-------- Input material --------

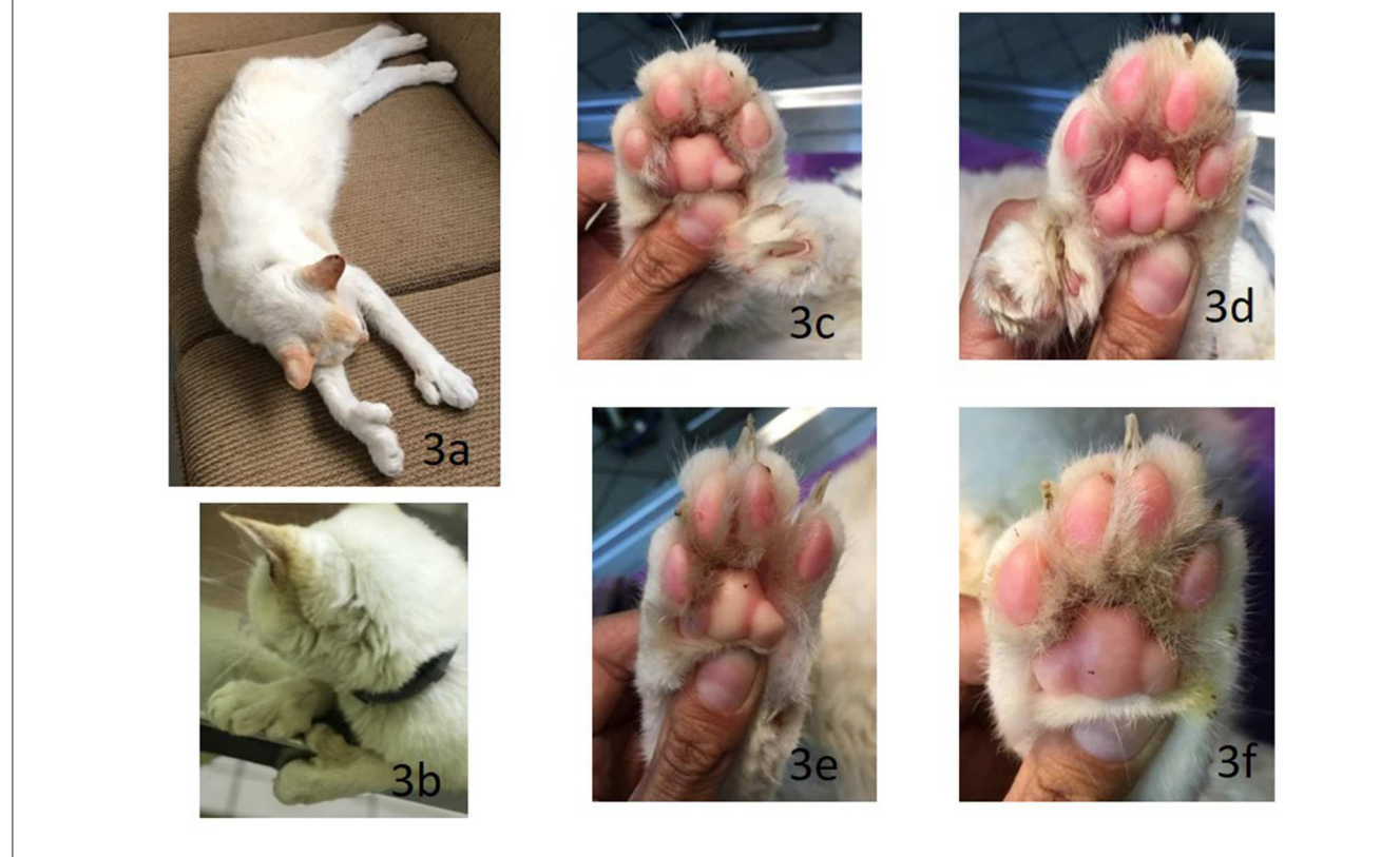
FIGURE 3 | 14-year-old neutered Mexican male cat. (a,b) Head: in an equilateral triangle. Paws: short, of medium bone, strong musculature, medium-sized feet, round, and compact. Polydactyly in the four extremities, (c,d) two accessory fingers preaxially in front and (e,f) one in the back.

a pre-cleaned microscope slide, fixed, and then stained with acridine orange supravital stain. The frequency of RBC-MNE was examined under the microscope (Carl Zeiss IVFL Axiostar Plus® equipped with fluorescence IVFL filters of 450–490 nm) at 100× optical amplification (planachromatic, 1.25 oil). RBC-MNE quantification was performed using 10,000 erythrocytes as previously reported, but the result was reported in 1,000 erythrocytes (7, 8, 16).
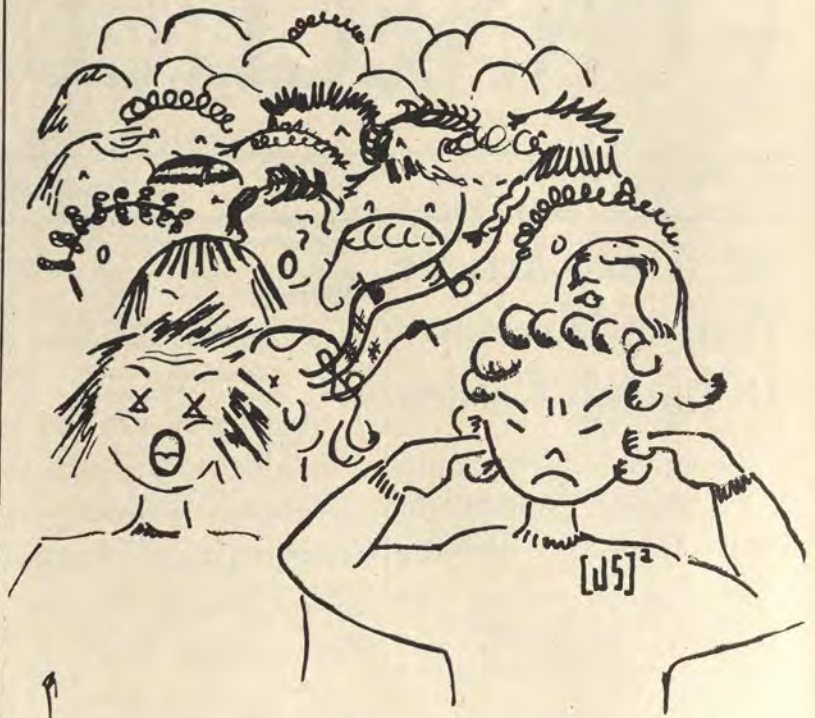
Competitive Sing-Some of us are talented
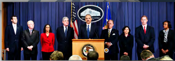
20th Anniversary of FinCEN
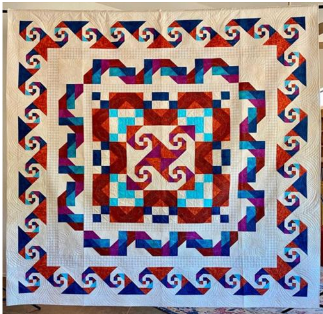
2021 Opportunity Quilt
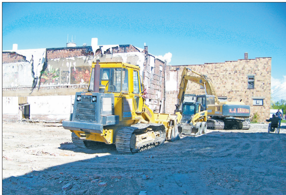
The final portion of demolition in downtown Payne was occurring earlier this week in order to make way for the construction of a new Antwerp Exchange Bank at the corner of Merrin and Main Streets. Town officials anticipate that final demolition and cleanup should be completed by the end of this week.
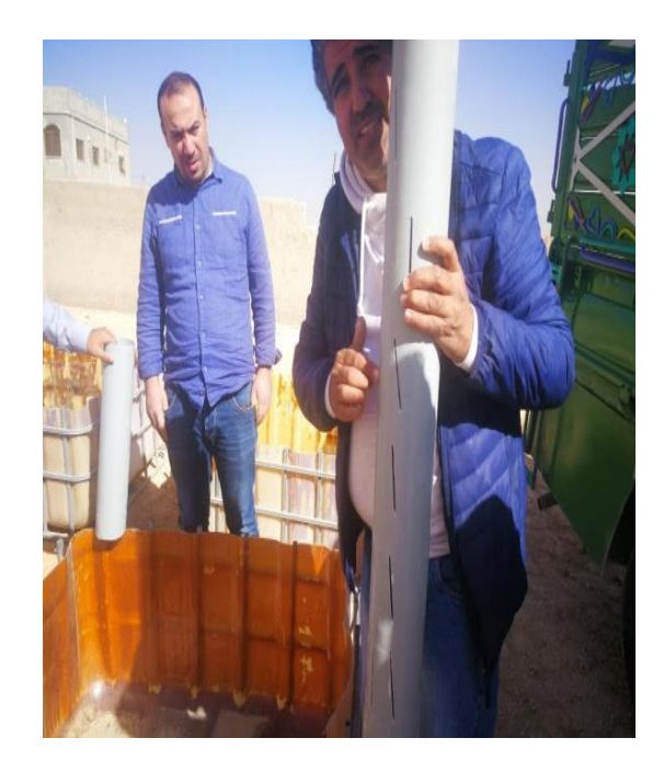
3- Add gravel on the pipe and covering the pipe to save and absorb water
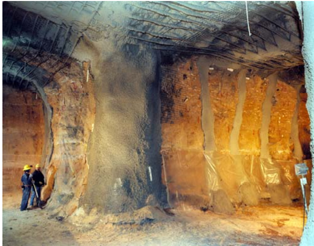
View of test tunnels at Yucca Mountain

uranium hexafluoride ( Follow-up of Depleted Uranium Hexafluoride Conversion , IG-0751, December 2006). We found that the Department had, in fact, performed an analysis in May 2005 that showed that adding the fourth line to the Portsmouth facility could result in the estimated savings indicated in our previous report. However, the Department had not taken the next step to implement the most cost-effective approach to converting depleted uranium into a more stable form. Despite the passage of time, we found that the Department could still save $35 million in lifecycle costs by reducing the operations schedule by approximately five years through the utilization of a fourth conversion line at the Portsmouth facility.
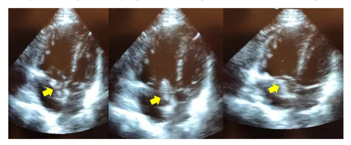
Image 2. A point of care ultrasound showing thrombus in transit (yellow arrow). Also dilated right ventricle can be appreciated
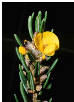
GJ Aotus ericoides

broom spurge almost leafless with angles stems, forms clumps resembling grass tussock
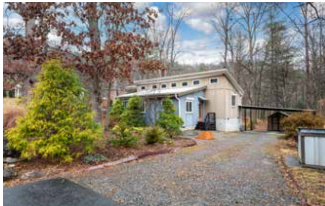
Mature Landscaping and Plenty of Parking
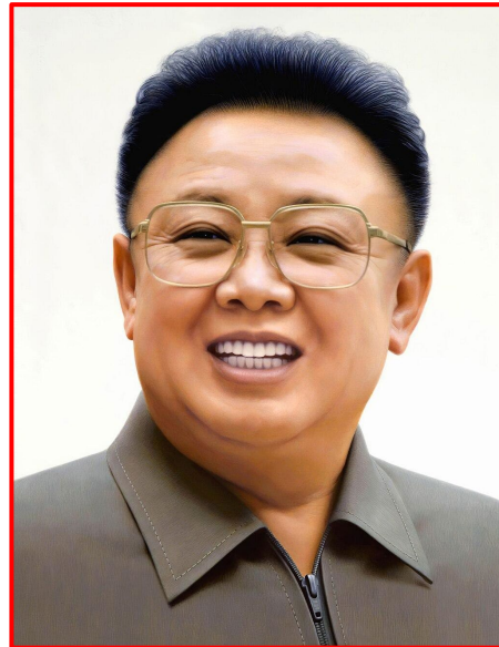
KIM Jong Il

Regime Founder, Great Leader , and “Eternal President”
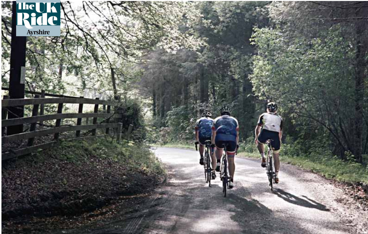
As the sun sinks, the riders know food and some well-earned rest isn't far away
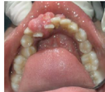
Figure 2: Lingual view of the lesion.

Based on these findings a provisional diagnosis of pyogenic granuloma was made. Further a differential diagnosis of peripheral ossifying fibroma, peripheral giant cell granuloma was considered. Patient was subjected to intra oral periapical radiograph examination which showed no visible bone involvement. [Figure 3]
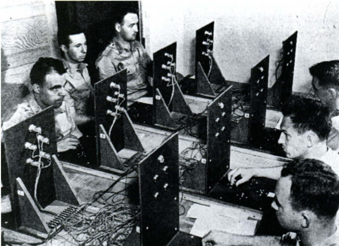
Figure 4. Group testing of complex reaction times (U.S. Air Force).

Some orders to psychologists came as the result of technogenic disasters. For example, the famous German psychologist from Wurzburg Karl Marbe was invited to investigate the big railway accident with many victims in the south of Germany (Müllheim in Baden) in 1912. He was able to imitate the actions of the train drivers in the situation prior to the accident. The analysis of these actions later became a well-founded basis for the court decision. This study provided a standard for the elaboration of the drivers' selection system and the development of a new applied psychology field.
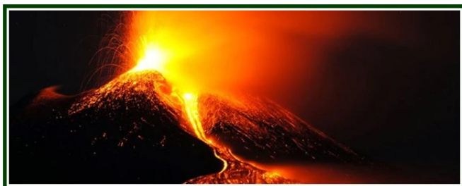
A volcanic eruption
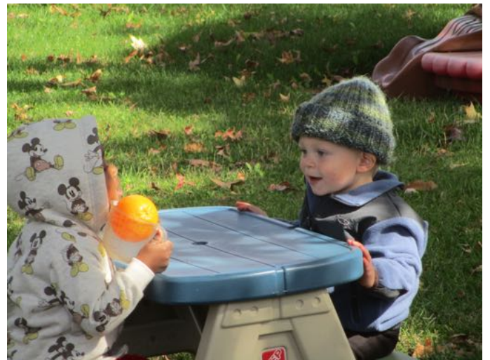
Having Great Conversations with Our Friends

Standard: Children demonstrate the ability to understand and convey thoughts through both nonverbal and verbal expression.
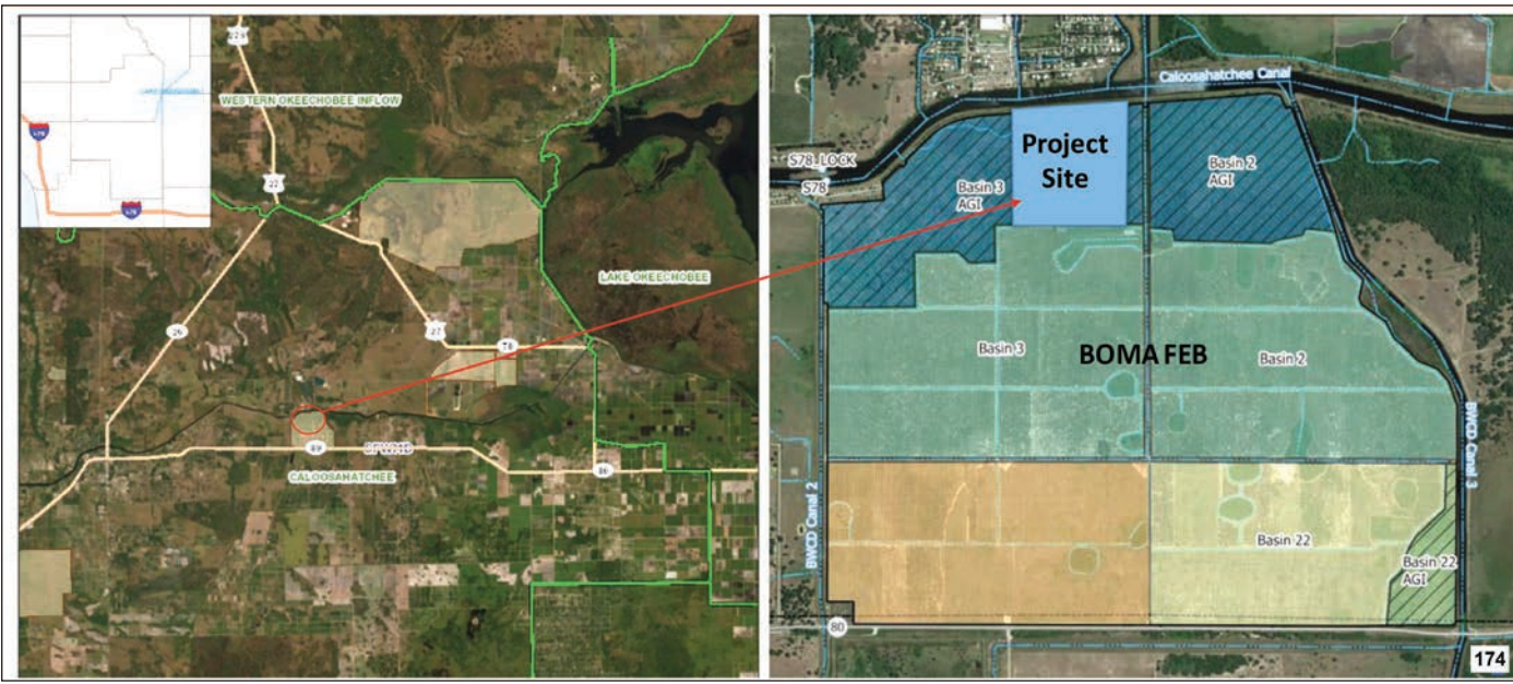
GLADES COUNTY – A $24.6 million water quality treatment and testing project was approved at the Nov. 18 meeting of the South Florida Water Management District Governing Board.
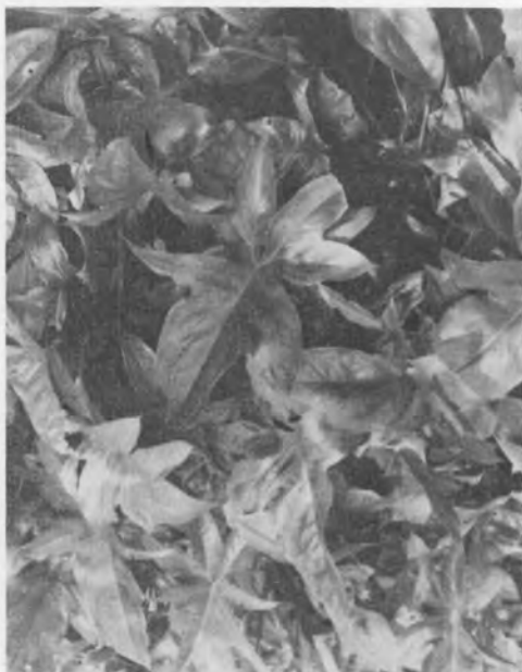
Fig. 11. Lasia spinosa (L.) Twaites. Papua New Guinea: Morobe: Lae Botanical Garden, Croat 52905.
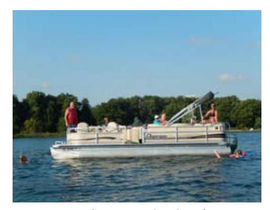
The Liebendorfer family "cooling off."

• Underground — SWT plans to start up a third crew on Monday, 04/21/2014. Crew 1 will continue on the current route and estimates reaching M-40 by mid-May. Crew 2 will be continuing installation of main line sewer and services along Shore Lane Drive and anticipates finishing this work and moving to Becker Beach Drive by 06/01/2014. Crew 3 will begin work on 04/21/2014 at Willow Drive installing main line sewer and services. Crew 3 is scheduled to finish work on Willow Drive by 06/01/2014 and will then move to Becker Beach Drive to join Crew 2.y. ❖
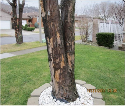
this has to stop today
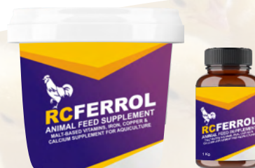
Pack: 1.25 Kg. & 5 Kg.

Chicks: 30 gm. per 1000 birds daily. Layers: 20 gm. per 100 birds daily. Broilers: 20 gm. per 100 birds daily. Breeders: 40 gm. per 100 birds daily.
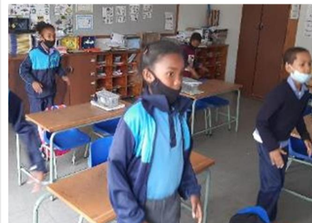
MUSIC APPRECIATION CLASS AT PINEVIEW PRIMARY
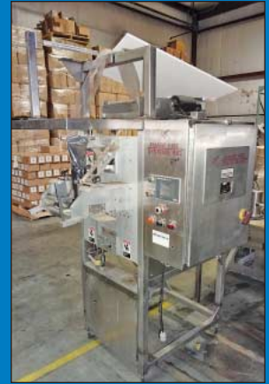
Phase Fire Systems Model SEA-1000 Sleeve Film Applicator
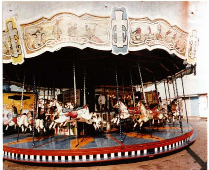
The gallopers at Wonderland, Cleethorpes, with the Gavioli mounted in the center. Photo is probably from the 1960s.

done, the carvings were repainted by the well-known fair-ground artist, James Tiller, but the project stalled. The carvings and organ parts were stored safely, but the case, with the main bellows, was allowed to sit out in the weather and were gradually destroyed.
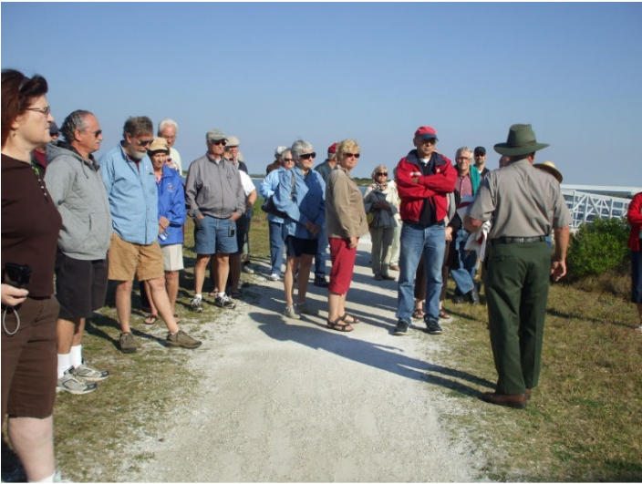
Our history guide
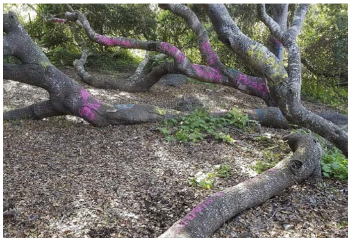
Graffiti on these oak branches were later painted over.
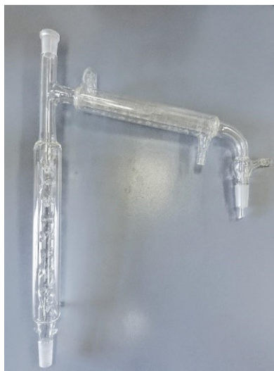
Fig. 1: Parts of the distillation apparatus: Vigreux column and Liebig condenser

3.3.6 The counting vial is closed tightly and the mixture is homogenised by shaking.
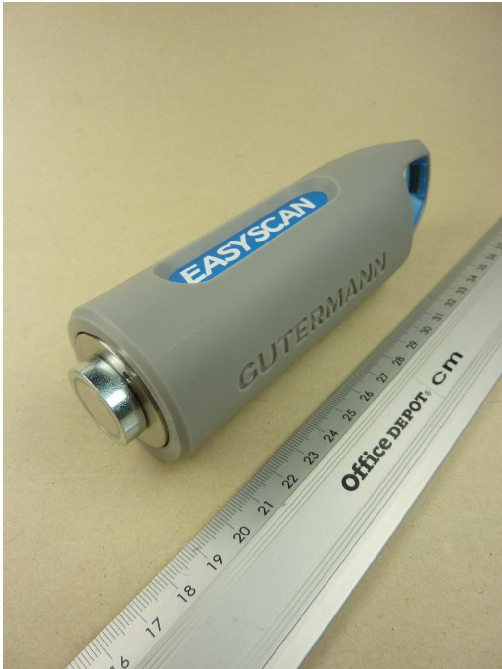
153494_E_U_4.JPG: EASYSCAN SENSOR, 3-D-view 1
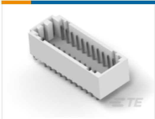
TE Part # CAT-3980700-DRWBSV CT 2mm Dbl Row Assembly w/Boss: Vert.
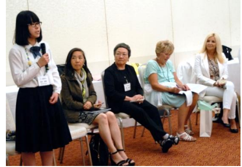
A Miyako high school student and member of Youth Miyakkobase NPO shares her ideas for community recovery and rebuilding.

Another systemic issue plaguing Miyako is the dwindling of its fishing industry. The industry's decline long preceded the earthquake and tsunami, as the few remaining youth lacked interest in becoming fishermen like generations past. But the region's greatest source of revenue still came from fishing, and the 2011 disaster caused a major collapse in the region's economy. The area lost 100 fishermen—48 lost their lives and 52 left the region—as well as 200 million yen (approximately $1.7 million U.S. dollars at today's exchange rate) in future economic gains due to the loss of 90% of the region's 1,000 fishing boats, as well as buildings and other equipment. Miyako's fishing cooperatives brought together the region's remaining fisherman, sharing the 100 remaining boats and splitting the catches to help support individuals and the community's economy simultaneously.
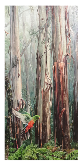
ELIZABETH COGLEY THE LANDING 2 archival print on canvas L/E $275
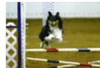
MACH Jandale Lights On Broadway RN MXB MJB
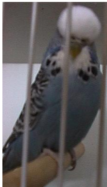
Best Intermediate and Best Opposite Sex on Show - Nel Brothers Stud
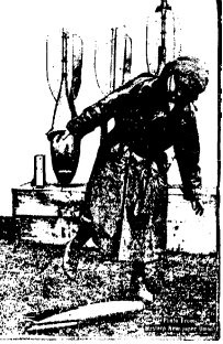
Several types of airplane bombs invented by Americans and adopted by the United States government are shown in this illustration. The same size and shape as the bombs shown in this illustration.
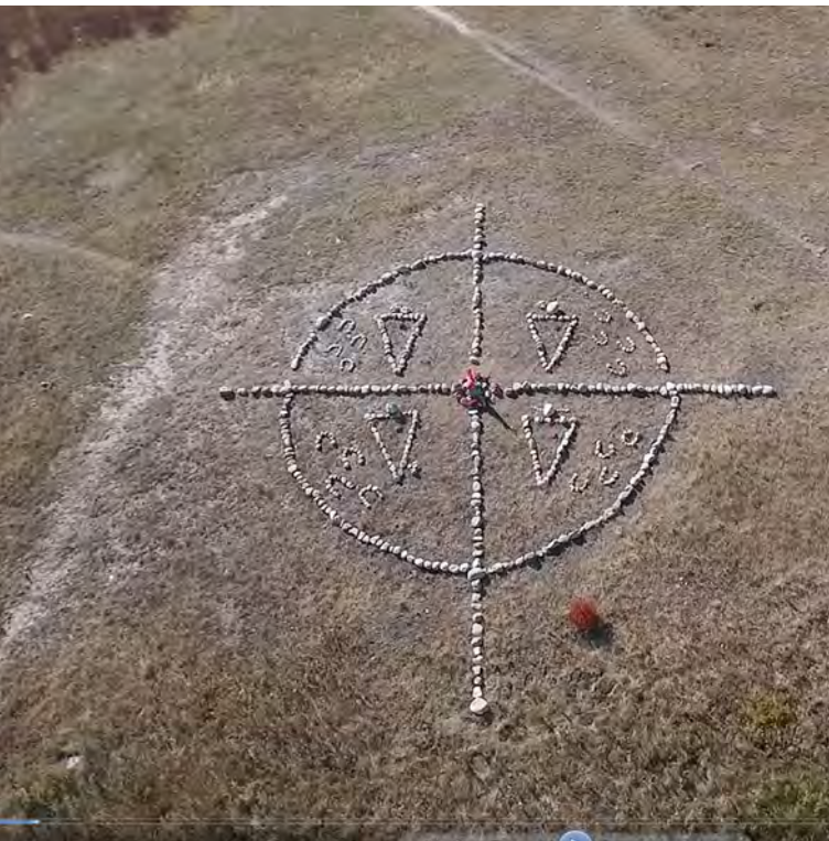
Medicine wheel at Nose Hill Park

--------

**What you should do:** What lines above run from the one with "Graffiti on these" to the one with "A Miyako high"? Give them again exactly, ends included, and leave the pictures out.

**Task response:**
Graffiti on these oak branches were later painted over.
Fig. 1: Parts of the distillation apparatus: Vigreux column and Liebig condenser

3.3.6 The counting vial is closed tightly and the mixture is homogenised by shaking.
153494_E_U_4.JPG: EASYSCAN SENSOR, 3-D-view 1
TE Part # CAT-3980700-DRWBSV CT 2mm Dbl Row Assembly w/Boss: Vert.
A Miyako high school student and member of Youth Miyakkobase NPO shares her ideas for community recovery and rebuilding.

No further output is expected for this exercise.